To determine whether the PPNT assay was reactive to Ebola virus, we tested 2 neutralizing monoclonal antibodies specific for Z. ebolavirus GP, mAb133/316 and mAb266/8.1 (5). Both antibodies could neutralize the pseudoviral particle in a dose-dependent manner (Table 1). We also evaluated this test using serum samples collected from humans and animals (Table 1). All of these serum samples were tested at a screening dilution of 1:20 (1 part in 20 parts) and were negative in the assay (i.e., >10% of the value deduced from the positive infection control). The studied human samples were collected from healthy individuals in Hong Kong where no Ebola case has been reported in history. In addition, the studied animal species are not known to be susceptible hosts for Ebola viruses. Overall, these results suggest that this PPNT assay was specific to neutralizing antibodies against Ebola virus.

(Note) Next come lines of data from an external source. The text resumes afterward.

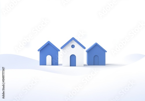 © warunthorn, Fototapeta premium Blue Houses 3D.
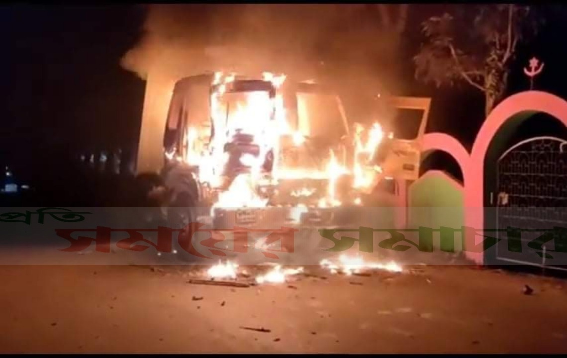 কুষ্টিয়ায় ড্রাম ট্রাকের ধাক্কায় প্রান গেল দুজনের, প্রতিবাদে গাড়িতে আগুন
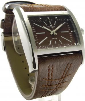 Męski zegarek Timemaster w prostokątnej kopercie, szeroki pasek z przeszyciami.
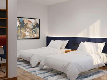 До этого много раз жил в отелях у этого аэропорта, решили семёй 2+2 попробовать новинку (он только открылся) Очень дорого обходится бренд, номер на удивление маленький и тесный, на цокольном этаже (половина окна смотрит в стену сверху дорога. Номер выше не дали, сказали что пока работает только один этаж. На завтрак есть тесто и вафельницы, отличная идея... но вафельницы оказались выключенными, а тесто я естественно уже налил ))) общем сходу вывел из строя 1 прибор из 2х.
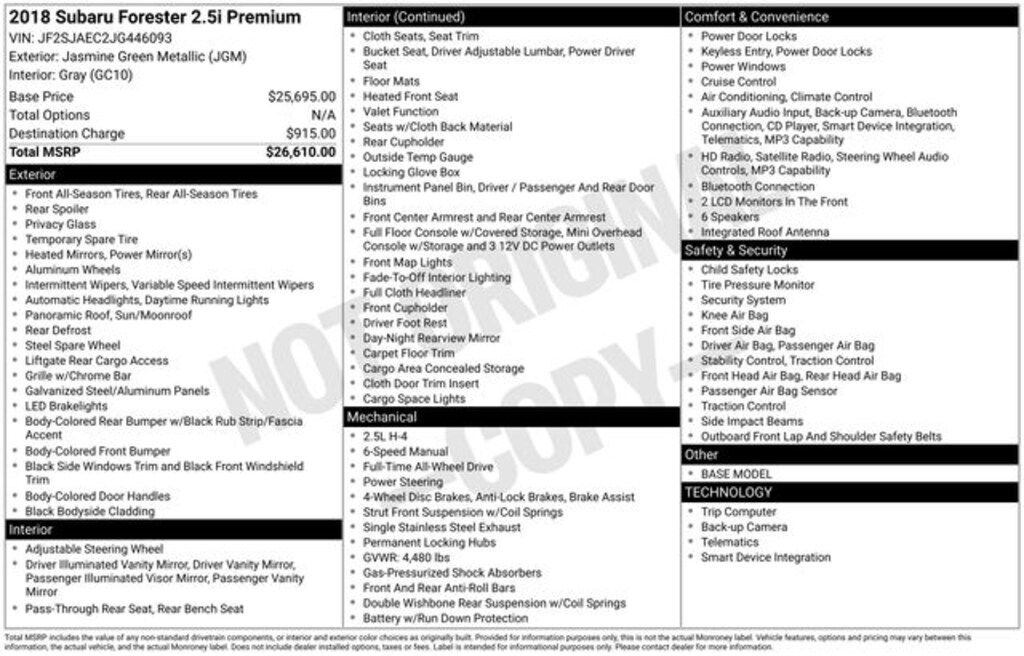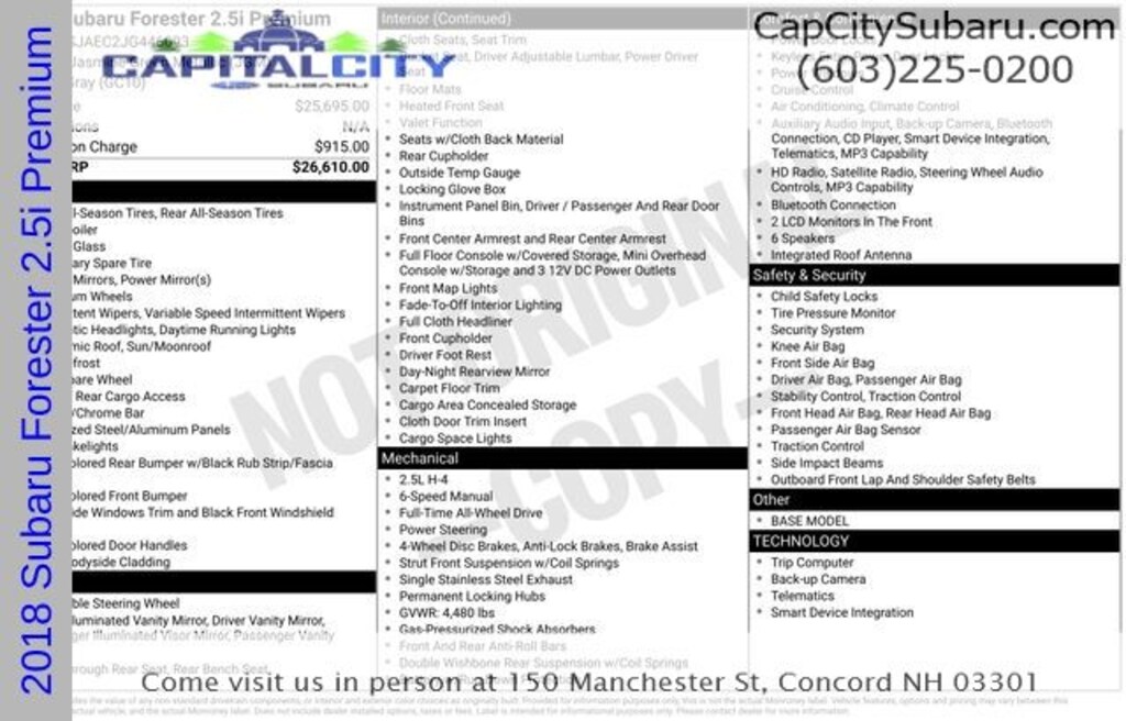 Whether you're seeking a capable and practical family SUV or a versatile companion for your active lifestyle, the 2018 Subaru Forester 2.5i Premium is the perfect choice. Experience the confidence and convenience that this exceptional crossover has to offer.
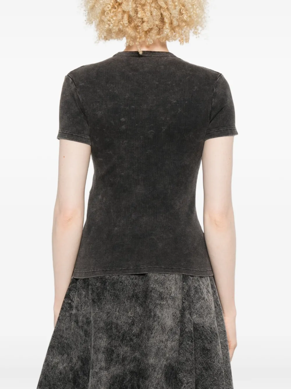 Темно-серый рубчатая текстура короткие рукава круглый вырез вышитый логотип
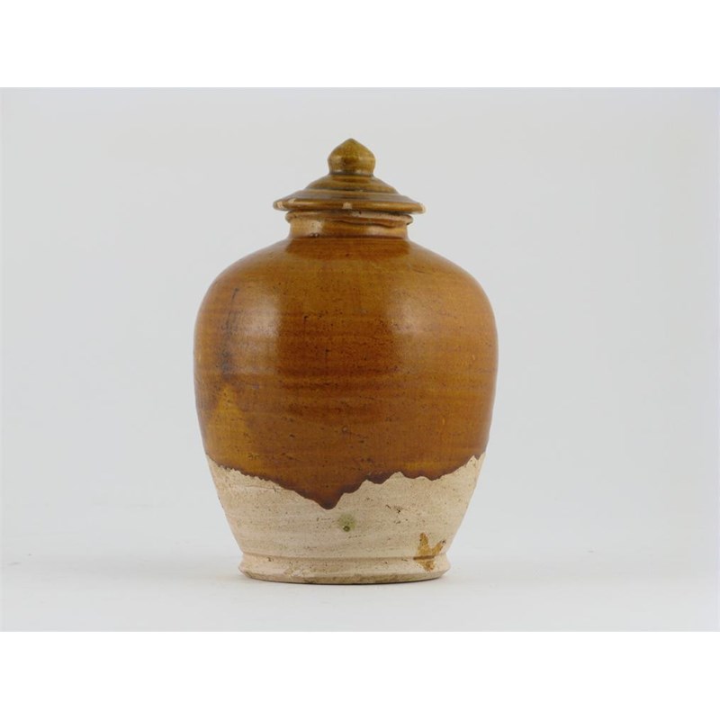 A Chinese pottery ovoid vase and cover, decorated with a splashed honey-coloured glaze, Tang dynasty, 618-907AD, 17.5cm. (2)
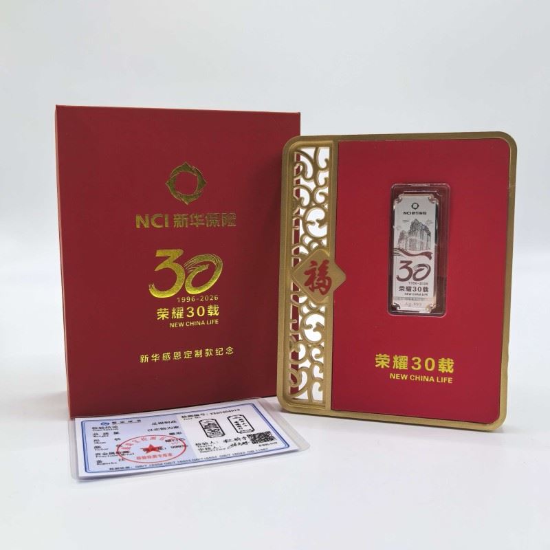 聚运鑫泰康新华中国人寿30周年庆纪念银条摆台
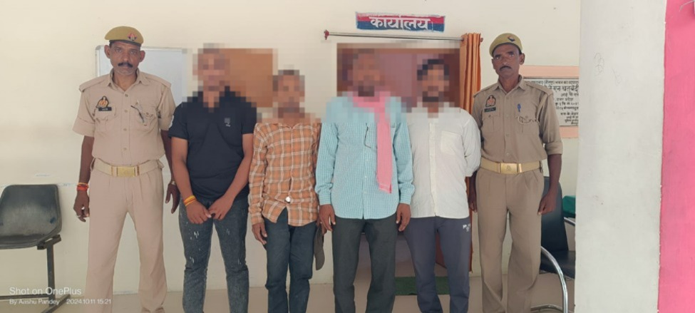 जौनपुर– जिला पुलिस प्रमुख डा0 अजय पाल शर्मा द्वारा अपराध की रोकथाम एवं अपराधियों की गिरफ्तारी हेतु चलाये जा रहे विशेष अभियान के क्रम मे अपर पुलिस अधीक्षक(नगर) के दिशा निर्देशन एवं क्षेत्राधिकारी नगर के पर्यवेक्षण में थाना जफराबाद पुलिस टीम द्वारा प्रभारी निरीक्षक जे पी यादव के मार्गदर्शन में कोबरा 10 द्वारा क्षेत्र भ्रमण के दौरान ग्राम मोहिद्दीनपुर व रत्तीपुर से क्रमशः आबादी की जमीन पर हैण्डपम्प लगाने व जमीन के विवाद को लेकर कहासुनी करने वाले 04 नफर अभियुक्तों को गिरफ्तार किया गया।
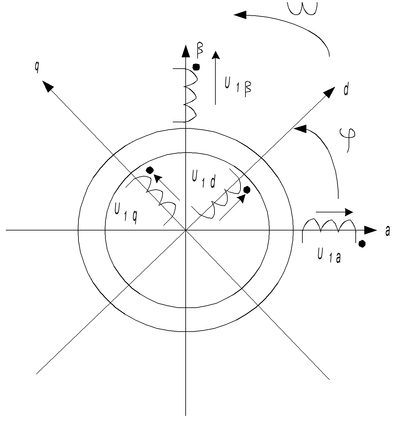 i=1a,…2q; j=1a,…2q, Ri – активное сопротивление обмотки, Li,j – собственные и взаимные индуктивности обмоток. Величина взаимных индуктивностей зависит от угла поворота ротора и от пространственного сдвига обмоток, т.е. является функцией скорости (и времени). Именно поэтому невозможно получить cos φ = 1. Синтез алгоритмов и систем векторного управления АД базируется на анализе двухфазной d – q модели АД (d и q – ортогональная система координат ротора).
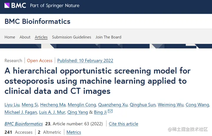 来自山东大学的研究团队提出了一个三层的分层模型,使用临床数据和覆盖腰椎的 CT 图像而不是通过机器学习的 DXA 数据来检测骨质疏松症。该研究以「A hierarchical opportunistic screening model for osteoporosis using machine learning applied to clinical data and CT images」为题,于 2022 年 2 月 10 日发表在《BMC Bioinformatics》上。
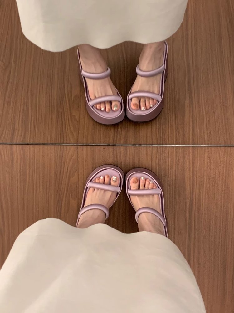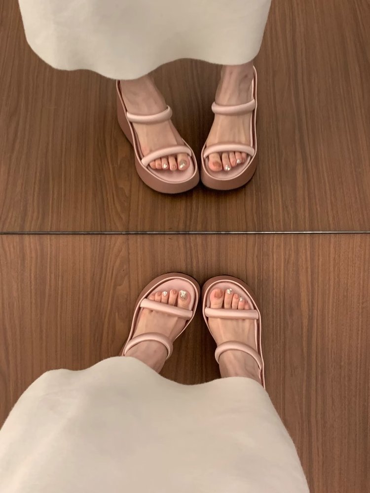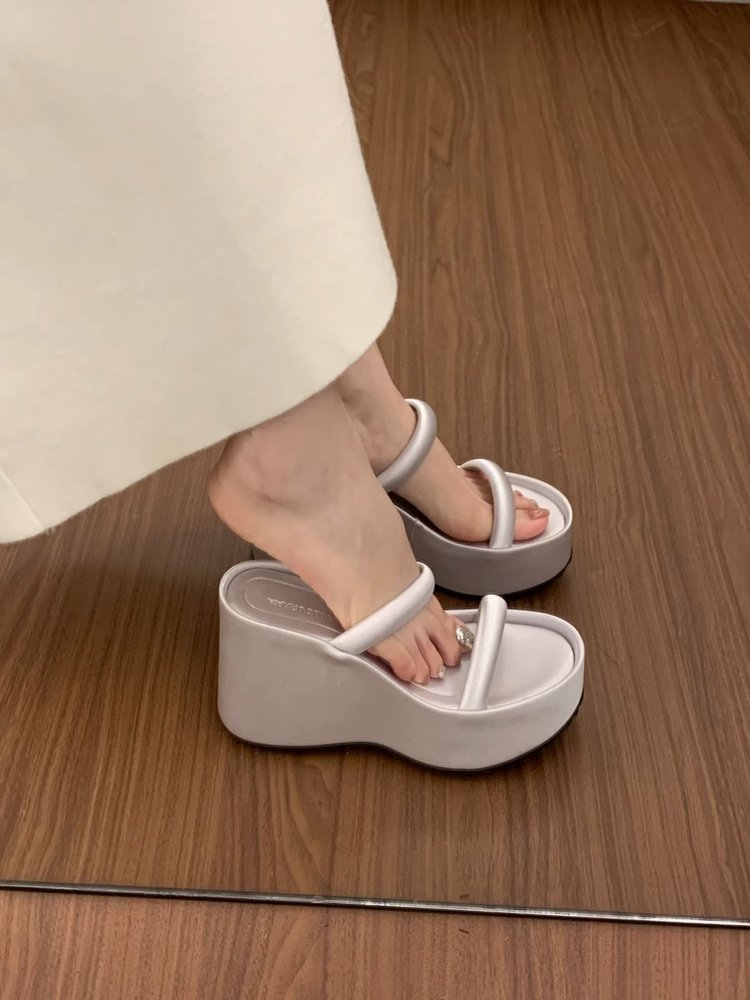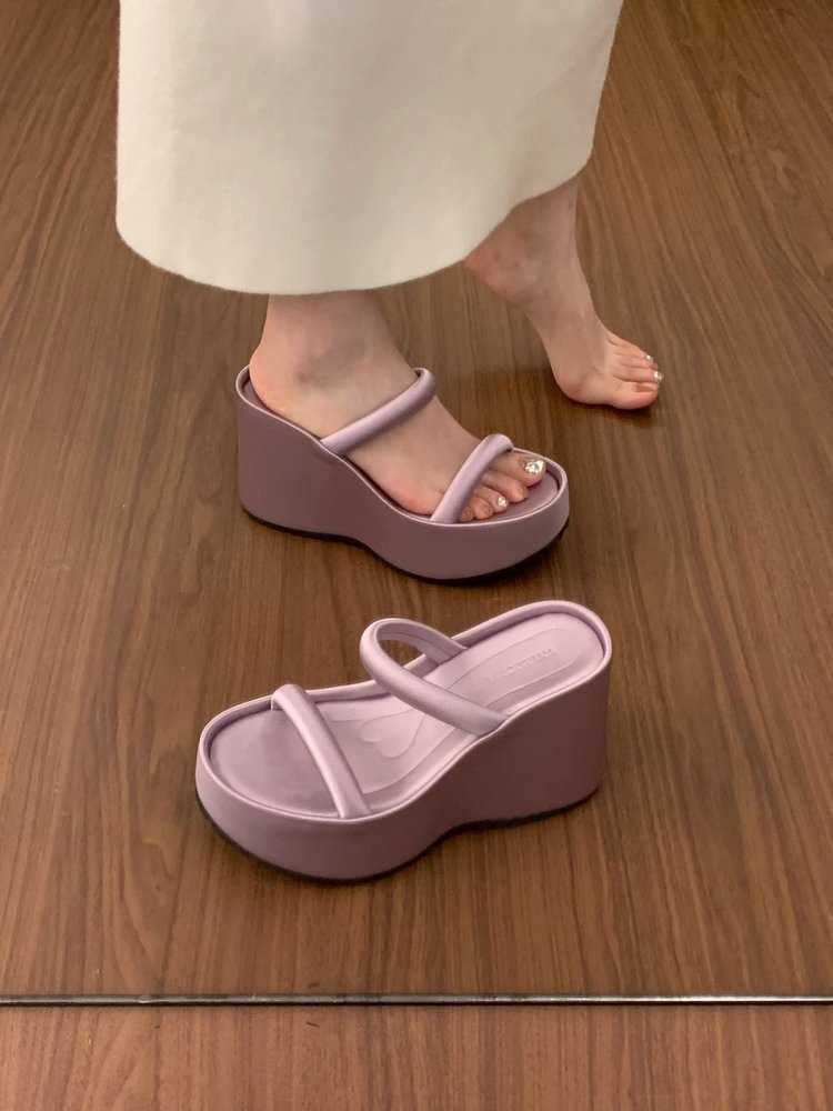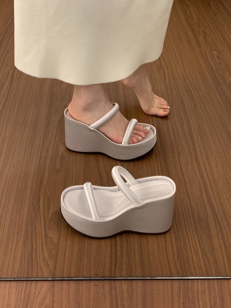 유럽과 미국의 솔리드 컬러 웨지 플랫폼 샌들 여성 신발 2025 여름 새로운 스퀘어 헤드 버클 캐주얼 샌들
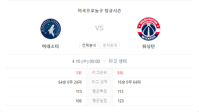 워싱턴 위저즈는 이번 시즌 많은 어려움을 겪으며 최하위권에 머물고 있으며, 주요 선수들의 부상으로 인해 경기력이 더욱 약화되었습니다. 반면, 미네소타 팀버울브스는 서부 컨퍼런스 1위를 달리며 강력한 모습을 보이고 있으며, 특히 홈에서의 강점을 바탕으로 이번 경기에서도 우위를 점할 것으로 예상됩니다.
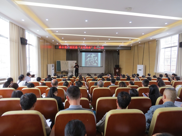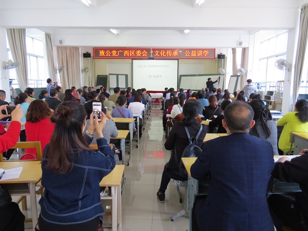 2017年10月23日、26日,致公党广西区委“文化传承——书法教育课堂教学”公益讲学分别在凤山县中学、南宁市红星小学举行。讲学由致公党广西区委研究室负责人、广西书法教育协会名誉会长盛敦荣先生主讲,他从文化传承和道德培养等多个视角,讲解了书法教育课堂教学的方式方法。当地约300名中小学老师前来聆听讲学。
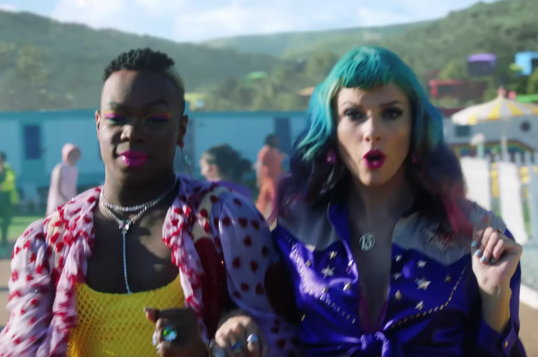 Directed by Drew Kirsch and Swift, the pop star is seen wandering around her neighborhood as anti-gay haters with homophobic signs try to stop everyone from enjoying themselves. The video climaxes with Swift meeting up with a fellow singer with whom she feuded.

This study has some limitations, and further evaluations of the assay are needed. In particular, we were able to use only 2 Ebola virus–specific neutralizing monoclonal antibodies and negative human/animal serum samples for our evaluations. The studied monoclonal antibodies target 2 different conserved regions of Z. ebolavirus GP. One of these antibodies (mAb226/8.1) is known to bind to a conformational epitope of Z. ebolavirus GP (5), indicating that the GP of the pseudoviral particles is correctly folded. We were not able to obtain convalescent sera from Ebola patients to evaluate our assays, however; such convalescent human serum samples are difficult to obtain because of limited availability, legal issues, and biosafety concerns. Nonetheless, it is important to evaluate this assay in the future using convalescent sera known to be IgG- or IgM-positive for Ebola virus.

Our assay has potential applications in studies related to seroepidemiology, passive immunotherapy, and vaccine immunogenicity. To avoid laboratory-acquired infections, we emphasize that all serum samples from confirmed or suspected cases must be fully inactivated before downstream processing (1).